Bem, não sei dizer se o acúmulo de anos nos dá, na mesma proporção, “um saber mais”. Também não sei se lidamos melhor com os tombos, as perdas ou eventuais frustrações e decepções. Acho que não, continuamos a ser quem sempre fomos sofrendo e sentindo da mesma maneira e com igual intensidade.
Também devo confessar que me entristece a constatação que os meus queridos e queridas estão envelhecendo: sei que com isso a proximidade da morte passa a ser inevitável. E quanto as “cracas” grudadas na alma, acho que só com muitas vidas vividas, elas, talvez, sejam superadas ou entendidas. Fraquezas confessadas, sim, é permitido.
Brum finaliza: “Quando chegar a minha hora, por favor, me chamem de velha. Me sentirei honrada com o reconhecimento da minha força. Sei que estou envelhecendo, testemunho essa passagem no meu corpo e, para o futuro, espero contar com um espírito cada vez mais velho para ter a coragem de encerrar minha travessia com a graça de um espanto”.
O que dizer mais? Talvez: Quando chegar a minha hora, por favor, não importa como me chamem, mas me cedam passagem que preciso seguir, buscando uma razão para as coisas, digo, todas as coisas dessa breve, não tão breve ou brevíssima existência.

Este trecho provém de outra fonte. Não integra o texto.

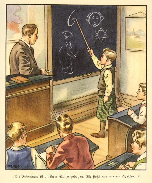 Οι μαθητές διδάσκονταν την ταξινόμηση των διαφόρων φυλών, έκαναν μαθήματα κρανιομετρίας, διδάσκονταν την κληρονομικότητα των φυσικών και διανοητικών χαρακτηριστικών και μελετούσαν με τη βοήθεια διαφανειών και μικρών ταινιών τις διαφορές ανάμεσα στα αμιγή φυλετικώς άτομα και σε εκείνα που λόγω φυλετικών επιμειξιών ήταν κατώτερα και από κληρονομική άποψη μειονεκτικά. Το 1938 ο Alfred Vogel, ένας από τους συντάκτες του προγράμματος σπουδών για τη βιολογία και διευθυντής δημοτικού σχολείου στη Βάδη, παρήγαγε μια σειρά αντισημιτικών χαρτών, ως εκπαιδευτικό υλικό του νέου προγράμματος σπουδών. Αυτό συνοδευόταν από ένα βιβλίο εκπαιδευτικού για τη διδασκαλία της βιολογίας στο δημοτικό.
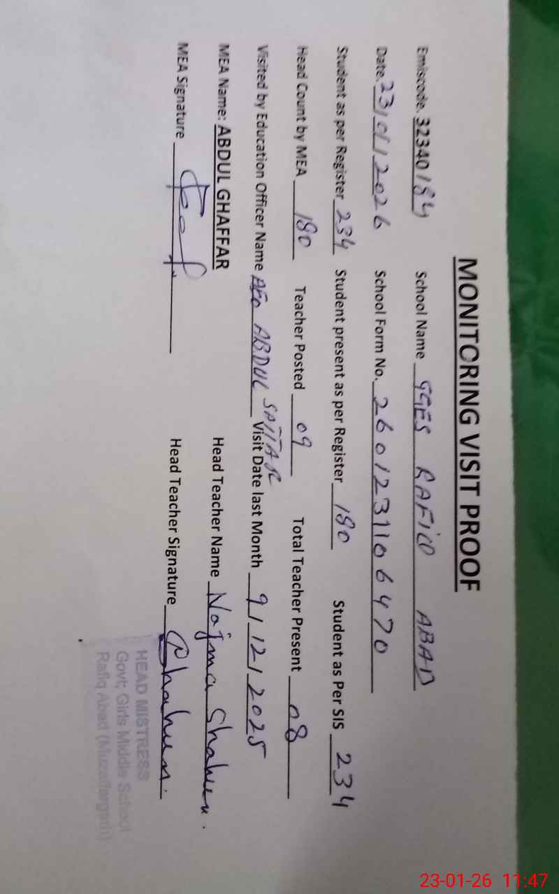 | Attendance Register | Head Teacher | MEA with School | Visit Proof |
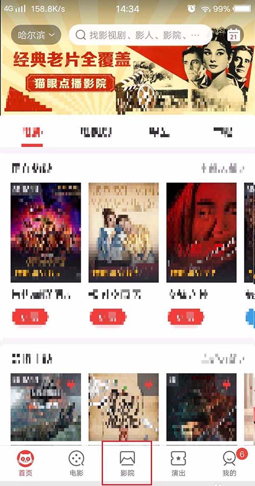 2、首先打开猫眼APP,点击进入影院,如图所示
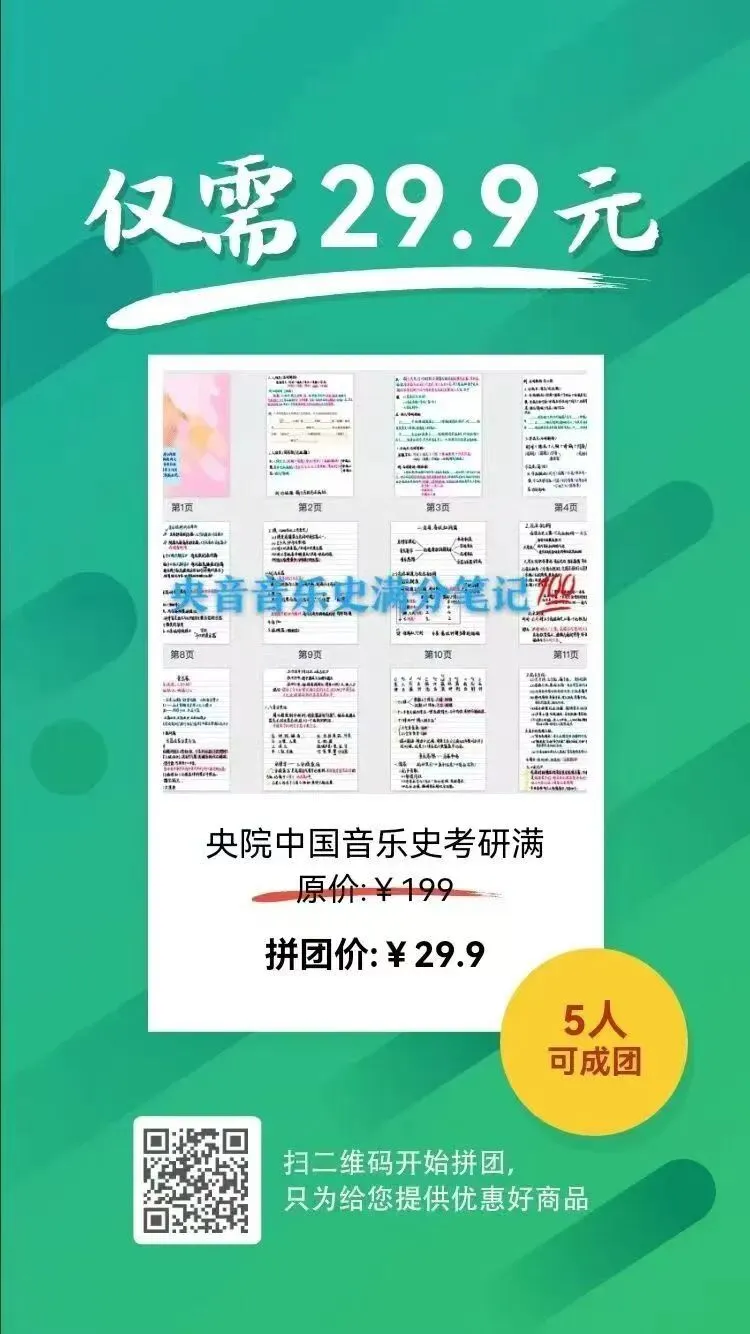 📒央院中国音乐史考研💯满分笔记,原价199一份,今天优惠拼团只要29.9元,优惠拼团请点击阅读原文或扫码下图二维码(拼团马上发放,请添加客服微信:bwv618):

E termino aqui reproduzindo um dos 35 comentários postados, o da Marise:
A Eliane neste post veio corroborar o que sempre digo: velhice é uma fase da vida. Eu também detesto a tal de “melhor idade”. Sempre digo que se alguém disser isso para mim eu mato.rsrsrs A Eliane recém está entrando nos 50. Eu já estou nos 76. Portanto sou velha mesmo. E feliz porque ainda estou aqui. Podendo, com muita alegria participar deste blog, do Portal que amo. Podendo brigar quando acho que preciso.
Amando ainda meu companheiro de 56 anos. Amando meus velhos e novos amigos que fiz aqui na Net.
Depois de criar os filhos poder ver o neto casando, a neta se formando e ainda ter um netinho de 9 anos para curtir e muito. ESte netinho eu sempre digo é a alegria da minha velhice.
Meninos e meninas é bom ser velho. Basta a gente assumir a velhice com todas as suas limitações(e não são poucas).
Dá até para dançar um tango ou um bolero de vez em quando kakakaka
E concordo com a Eliane: eu também quero viver a morte.
Referências
BRUM, E. (2012). .Me chamem de velha, por Eliane Brum. Disponível Aqui. Acesso em 23/02/2012.
CÍCERO, M. T. (2010). Saber envelhecer e a amizade (Neves, P., Trad.). Porto Alegre: L&M.
IMAGEM (2002). Disponível Aqui. Acesso em 23/02/2012.